▸ **What is needed**
Skip any image you find and restate the rest of the data word for word.

▸ **Collected material**

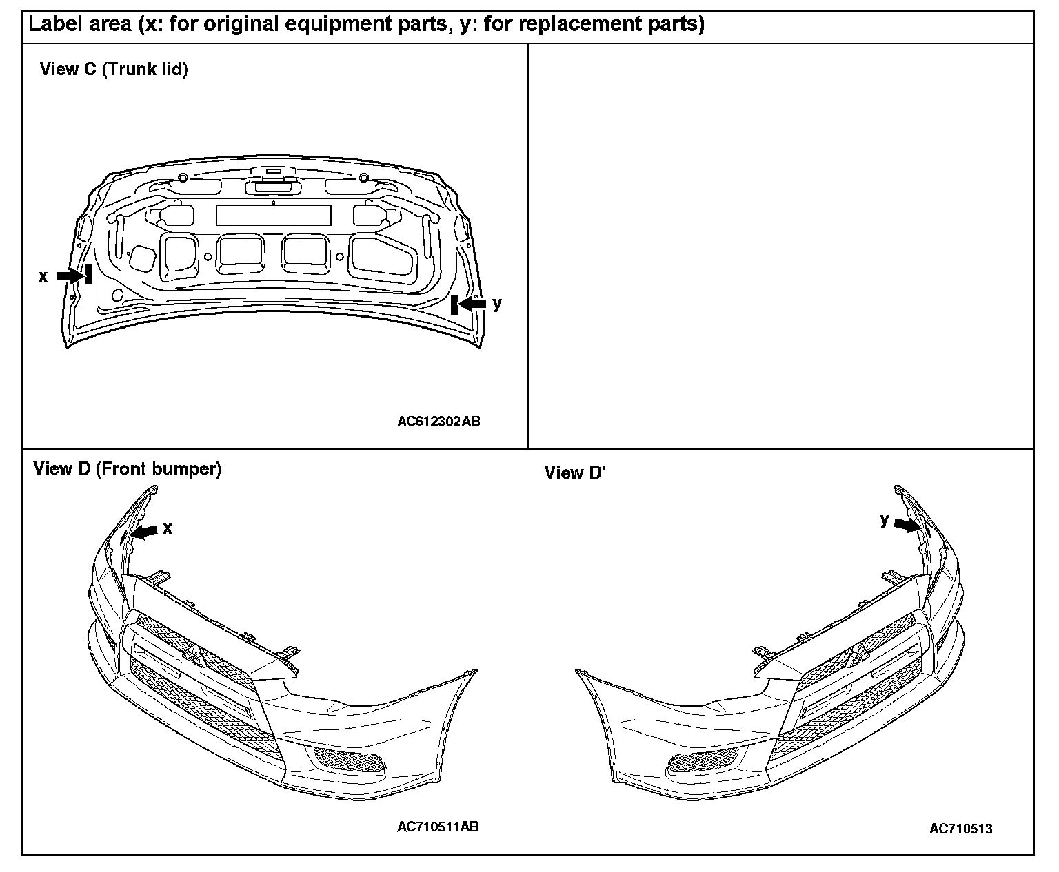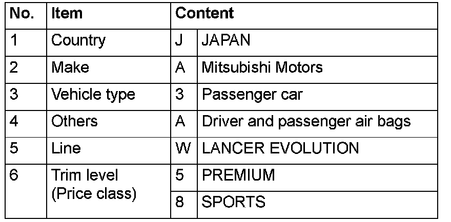 In order to protect against theft, a Vehicle Identification Number (VIN) is attached as a plate or label to the following major parts of the engine, transaxle and main outer panels: Engine cylinder block, Transaxle housing, Front fender, Hood, Trunk lid, Bumpers, Side outer panel, Doors. In addition, a theft-protection label is attached to replacement parts for main outer panels. The same data is stamped into replacement parts for the engine and the transaxle.
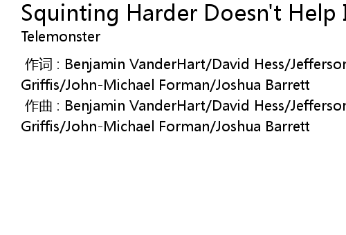 | [00:00.000] | 作曲 : Benjamin VanderHart/David Hess/Jefferson Griffis/John-Michael Forman/Joshua Barrett |
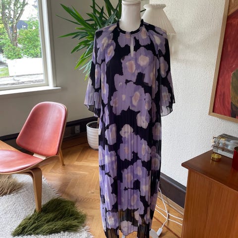 Pen blå kjole som kan dras ned på skuldrene. Lommer i sidene og pen linningen. Kjolen går under kneet. Ikke vært i bruk. Ny pris 1200,-
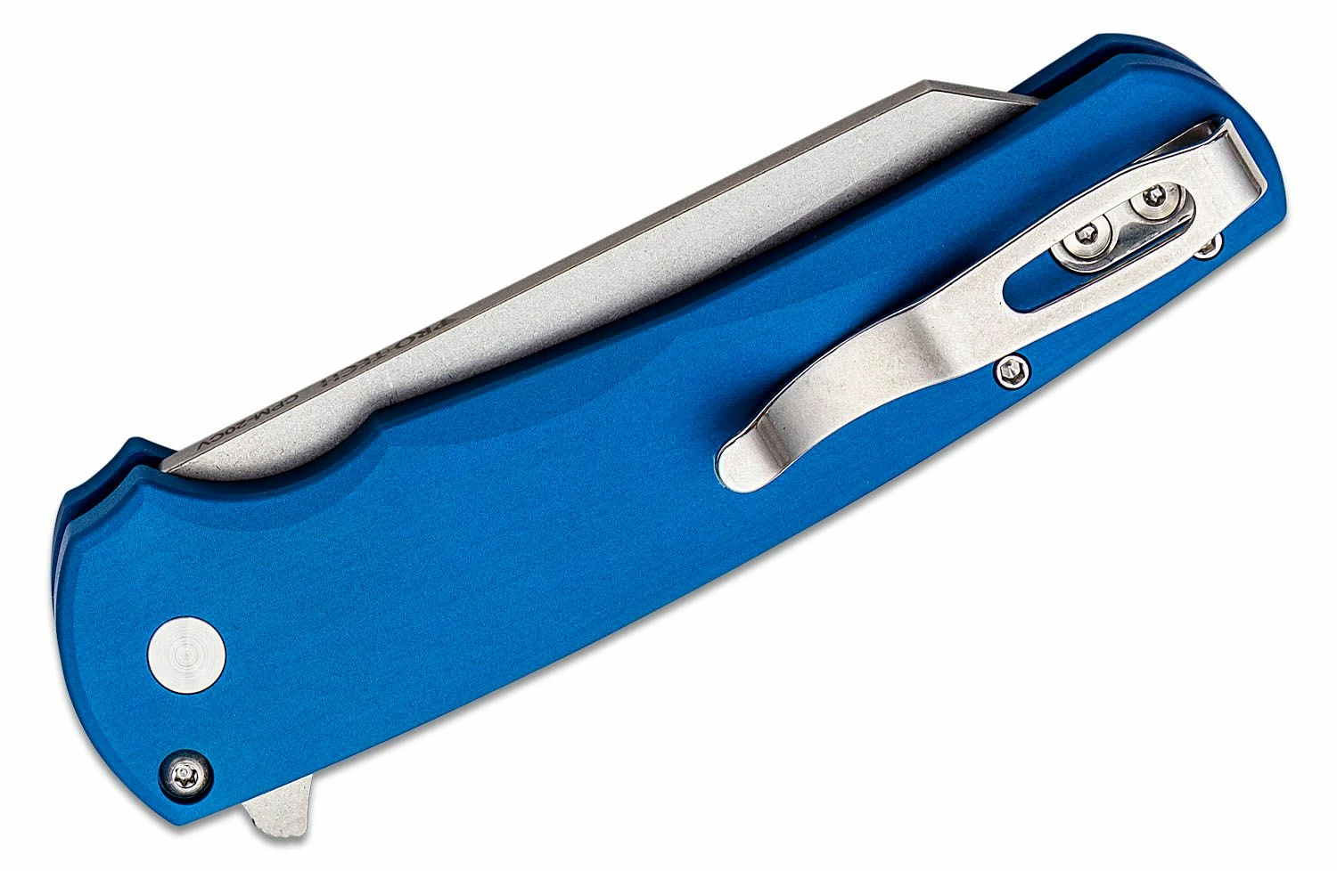 Highlighted by its silky smooth action and featherweight nature, the Malibu is an EDC force to be reckoned with. The reverse tanto blade is especially good at utility tasks with a slight belly and strong useful tip. The ergonomic handle is milled aluminum with a tapered shape and finger grooves that really allow for a solid, non-slip grip. The deep carry clip is set-up for right-hand, tip-up carry and a tiny lanyard hole is built into the single-pieces handle scales/backspacer. It reminds us a bit of a Kershaw Leek and a Benchmade 940…two of the best EDC knives available and we think it’ll find a home alongside those powerhouses in no time. This model features a stonewashed blade and blue aluminum scales.

▸ **Solution to the problem**
 In order to protect against theft, a Vehicle Identification Number (VIN) is attached as a plate or label to the following major parts of the engine, transaxle and main outer panels: Engine cylinder block, Transaxle housing, Front fender, Hood, Trunk lid, Bumpers, Side outer panel, Doors. In addition, a theft-protection label is attached to replacement parts for main outer panels. The same data is stamped into replacement parts for the engine and the transaxle.
 | [00:00.000] | 作曲 : Benjamin VanderHart/David Hess/Jefferson Griffis/John-Michael Forman/Joshua Barrett |
 Pen blå kjole som kan dras ned på skuldrene. Lommer i sidene og pen linningen. Kjolen går under kneet. Ikke vært i bruk. Ny pris 1200,-
 Highlighted by its silky smooth action and featherweight nature, the Malibu is an EDC force to be reckoned with. The reverse tanto blade is especially good at utility tasks with a slight belly and strong useful tip. The ergonomic handle is milled aluminum with a tapered shape and finger grooves that really allow for a solid, non-slip grip. The deep carry clip is set-up for right-hand, tip-up carry and a tiny lanyard hole is built into the single-pieces handle scales/backspacer. It reminds us a bit of a Kershaw Leek and a Benchmade 940…two of the best EDC knives available and we think it’ll find a home alongside those powerhouses in no time. This model features a stonewashed blade and blue aluminum scales.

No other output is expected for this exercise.